◆ **SUPPLIED DATA**:

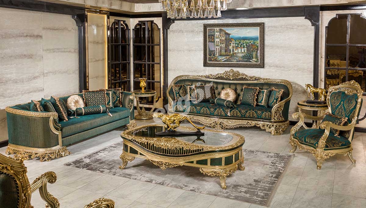 Salonunuza uyum sağlayacak yeşil kadife kumaşı, gösterişli varak detayları ve aksesuarlarıyla muhteşem bir seçenek sunuyor.
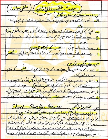 اسلامیات کلاس پنجم : باب سوم: سیرت طیبہ : سبق نمبر۲: بیت عقبہ اولئِ و ثانیہ کا حل شدہ مشق : یکساں قومی نصاب پاکستان 2023-2024 پر مبنی نئی کتاب/ نیا نصاب
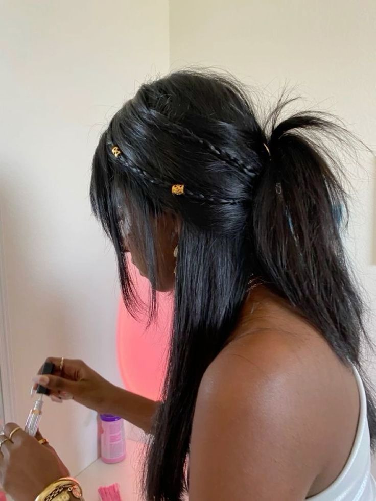 Dressed with stylish tiny braids, this is a cute half-up hairstyle that shows the voluminous ponytail in all its beauty. Ideal for everyday casual or weekend brunches, it is both lively and fashionable. I got the idea from ulzzang styles where the two elements of sleek and textured materials together make it simple and fun. Mini hair accessories like gold cuffs or colored bands are a great way to add your personal touch to the style.
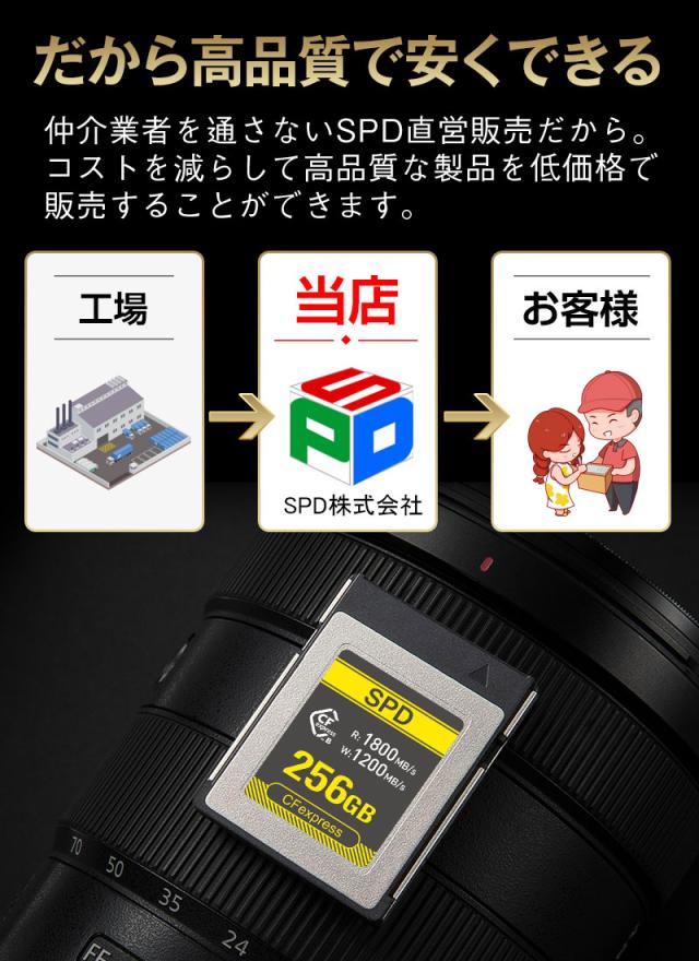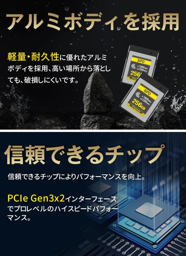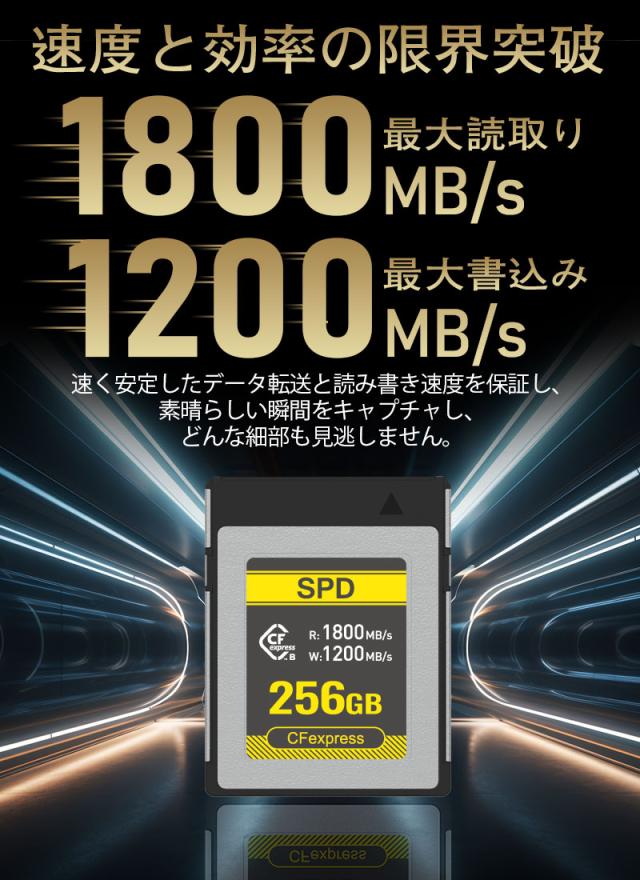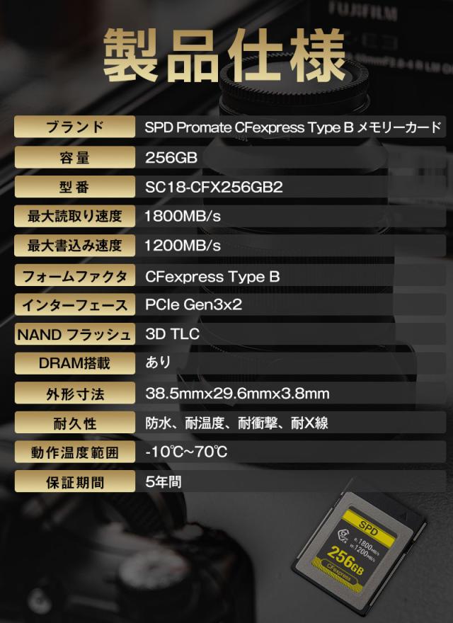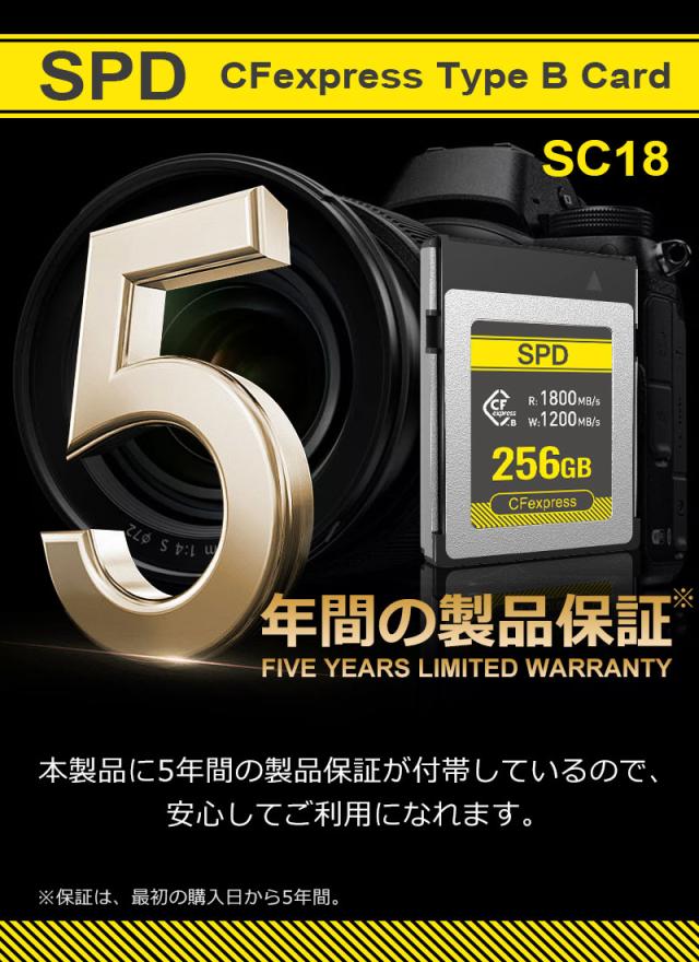 SPD CFexpress Type B メモリーカード 256GB R:1800MB/s W:1200MB/s 8K 4K ビデオ SC18-CFX256GB2 5年保証 ネコポス送料無料

◆ **TASK INSTRUCTIONS**:
Exact reproduction is required for the lines from the one containing "اسلامیات کلاس پنجم" through the end of the material, and for those lines only, without pictures.

◆ **WRITTEN SOLUTION**:
 اسلامیات کلاس پنجم : باب سوم: سیرت طیبہ : سبق نمبر۲: بیت عقبہ اولئِ و ثانیہ کا حل شدہ مشق : یکساں قومی نصاب پاکستان 2023-2024 پر مبنی نئی کتاب/ نیا نصاب
 Dressed with stylish tiny braids, this is a cute half-up hairstyle that shows the voluminous ponytail in all its beauty. Ideal for everyday casual or weekend brunches, it is both lively and fashionable. I got the idea from ulzzang styles where the two elements of sleek and textured materials together make it simple and fun. Mini hair accessories like gold cuffs or colored bands are a great way to add your personal touch to the style.
 SPD CFexpress Type B メモリーカード 256GB R:1800MB/s W:1200MB/s 8K 4K ビデオ SC18-CFX256GB2 5年保証 ネコポス送料無料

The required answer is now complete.